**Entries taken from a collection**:
--------------------------------

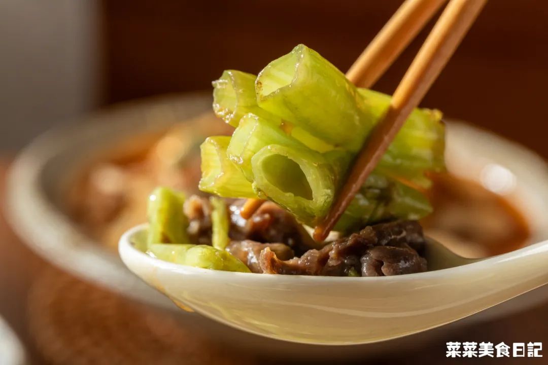 5.加入牛肉、1大勺生抽、1大勺泡椒水/米醋大火翻炒30秒出锅
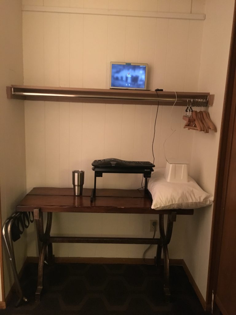 Oh, too: managed to write a chapter and a half of the right-now novel while there—I mean, it was a writing retreat—and at one of the cooler standing desks I’ve cobbled together in a hotel room:
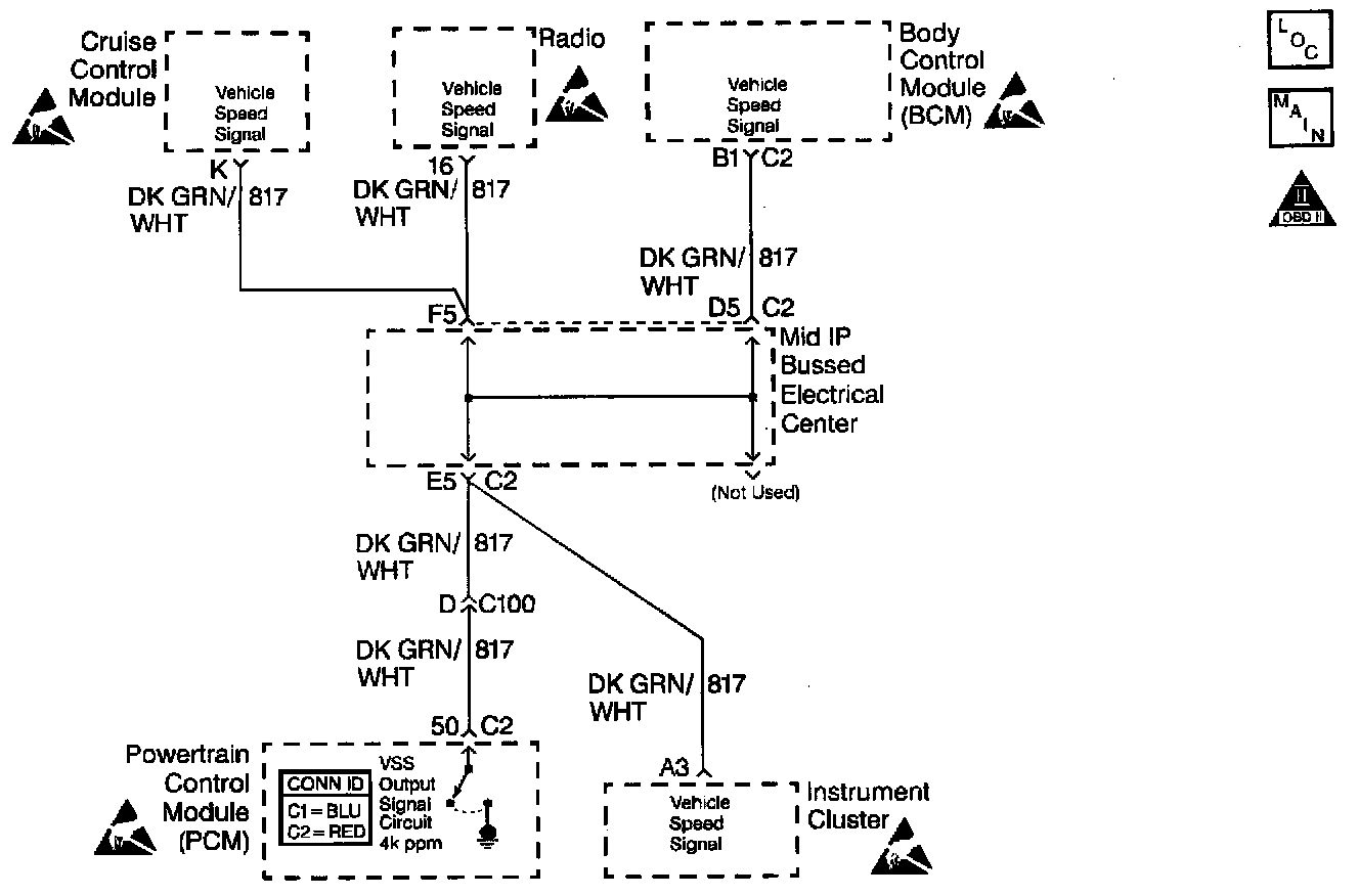 Various components apply a voltage to the vehicle speed output circuit. The Powertrain Control Module (PCM) creates the vehicle speed output signal by rapidly grounding this circuit via an internal switch called a driver. The driver operates at the same rate as the Vehicle Speed Sensor (VSS) signal input. The various components recognize the voltage being pulled to ground as an indication of vehicle speed.
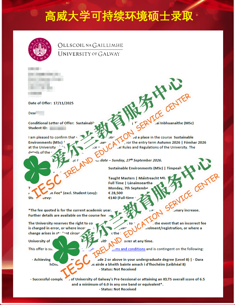 来自苏州科技大学应用化学专业的本科同学,顺利获得了爱尔兰高威大学(University of Galway)可持续环境硕士课程(MSc Sustainable Environments)条件录取通知书,条件1为雅思达到总分6.5, 其他单项不少于6.0分; 条件2为本科最终成绩达到2等2同等水平。
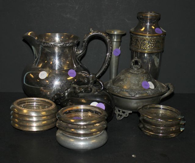 Silverplate Lot coasters, butter dish, pitcher, fruit, and pewter vase. Silverplate Lot coasters, butter dish, pitcher, fruit, and pewter vase.
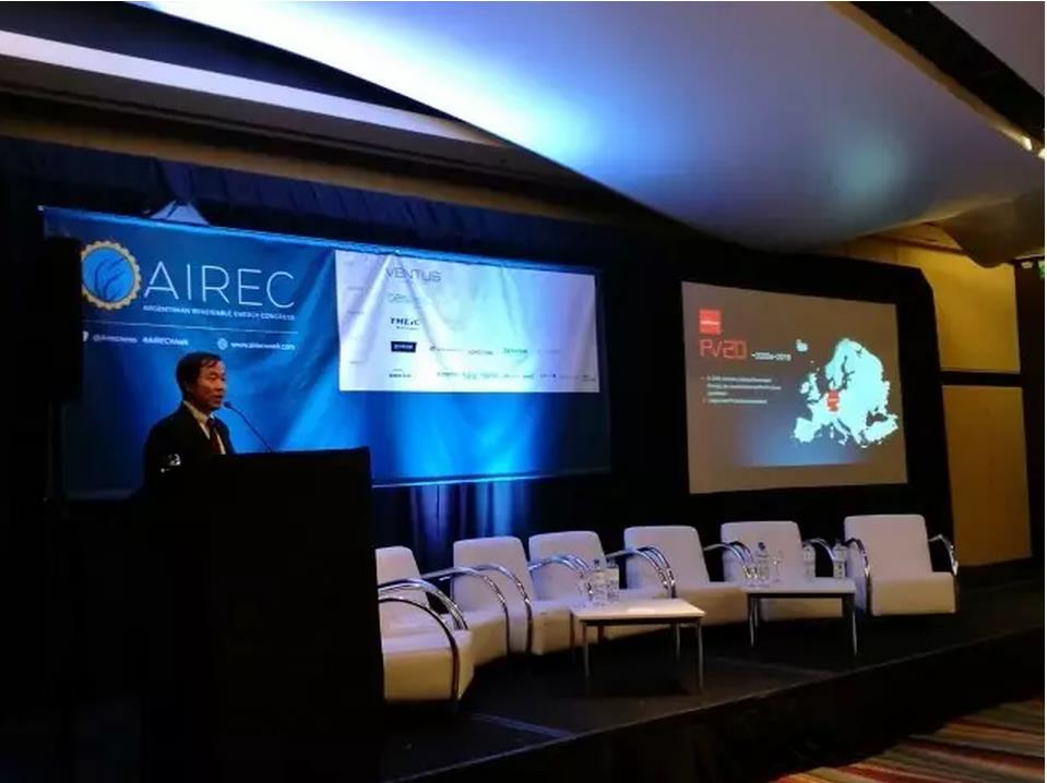 10月2日,阿根廷2017年可再生能源大会(AIREC)在首都布宜诺斯艾利斯拉开帷幕。隆基乐叶作为全球最大的单晶组件制造商参加展会,并在论坛发表了主题演讲。
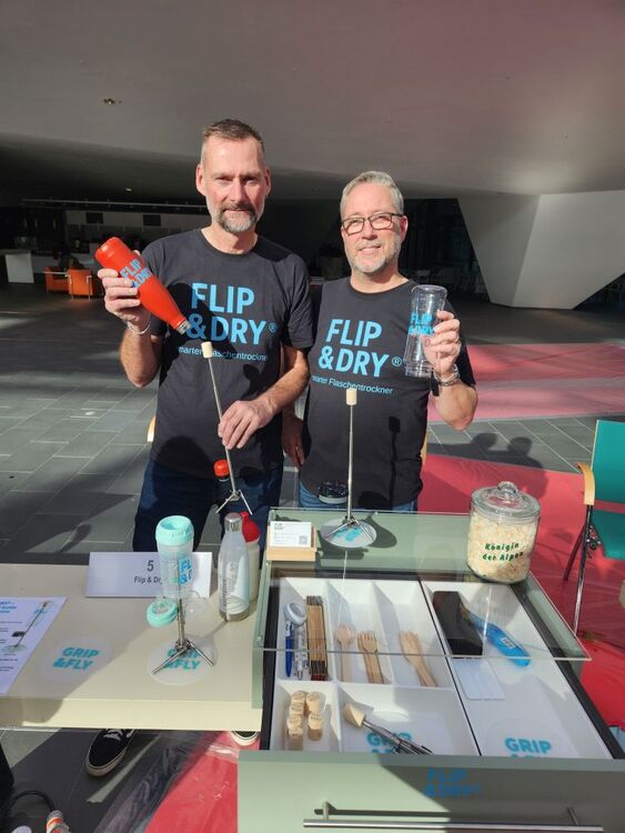 Ein Ärgernis ging auch der Erfindung von Alex Thommen und André Lüthi voraus. Fast jeder hat Trinkflaschen zu Hause – für den Sport oder für die Kinderschultasche. Hat man eine Trinkflasche gespült, stellt sich die Frage: Wie trocknen? Stellt man sie einfach offen hin, bleibt das Restwasser lange in der Flasche. Stellt man sie „kopfüber“ auf die Trinköffnung, können die Tropfen auch nicht abfließen oder verdunsten. Lehnt man die Flasche an die Wand, um einen Luftspalt zu lassen, fällt sie leicht um. Und egal wie man es macht, oft bleibt ein etwas modriger Geruch in der Flasche zurück.

--------------------------------

**WHAT TO DO**:
Leaving pictures aside, write out each record above exactly as given.

**TASK OUTPUT**:
 5.加入牛肉、1大勺生抽、1大勺泡椒水/米醋大火翻炒30秒出锅
 Oh, too: managed to write a chapter and a half of the right-now novel while there—I mean, it was a writing retreat—and at one of the cooler standing desks I’ve cobbled together in a hotel room:
 Various components apply a voltage to the vehicle speed output circuit. The Powertrain Control Module (PCM) creates the vehicle speed output signal by rapidly grounding this circuit via an internal switch called a driver. The driver operates at the same rate as the Vehicle Speed Sensor (VSS) signal input. The various components recognize the voltage being pulled to ground as an indication of vehicle speed.
 来自苏州科技大学应用化学专业的本科同学,顺利获得了爱尔兰高威大学(University of Galway)可持续环境硕士课程(MSc Sustainable Environments)条件录取通知书,条件1为雅思达到总分6.5, 其他单项不少于6.0分; 条件2为本科最终成绩达到2等2同等水平。
 Silverplate Lot coasters, butter dish, pitcher, fruit, and pewter vase. Silverplate Lot coasters, butter dish, pitcher, fruit, and pewter vase.
 10月2日,阿根廷2017年可再生能源大会(AIREC)在首都布宜诺斯艾利斯拉开帷幕。隆基乐叶作为全球最大的单晶组件制造商参加展会,并在论坛发表了主题演讲。
 Ein Ärgernis ging auch der Erfindung von Alex Thommen und André Lüthi voraus. Fast jeder hat Trinkflaschen zu Hause – für den Sport oder für die Kinderschultasche. Hat man eine Trinkflasche gespült, stellt sich die Frage: Wie trocknen? Stellt man sie einfach offen hin, bleibt das Restwasser lange in der Flasche. Stellt man sie „kopfüber“ auf die Trinköffnung, können die Tropfen auch nicht abfließen oder verdunsten. Lehnt man die Flasche an die Wand, um einen Luftspalt zu lassen, fällt sie leicht um. Und egal wie man es macht, oft bleibt ein etwas modriger Geruch in der Flasche zurück.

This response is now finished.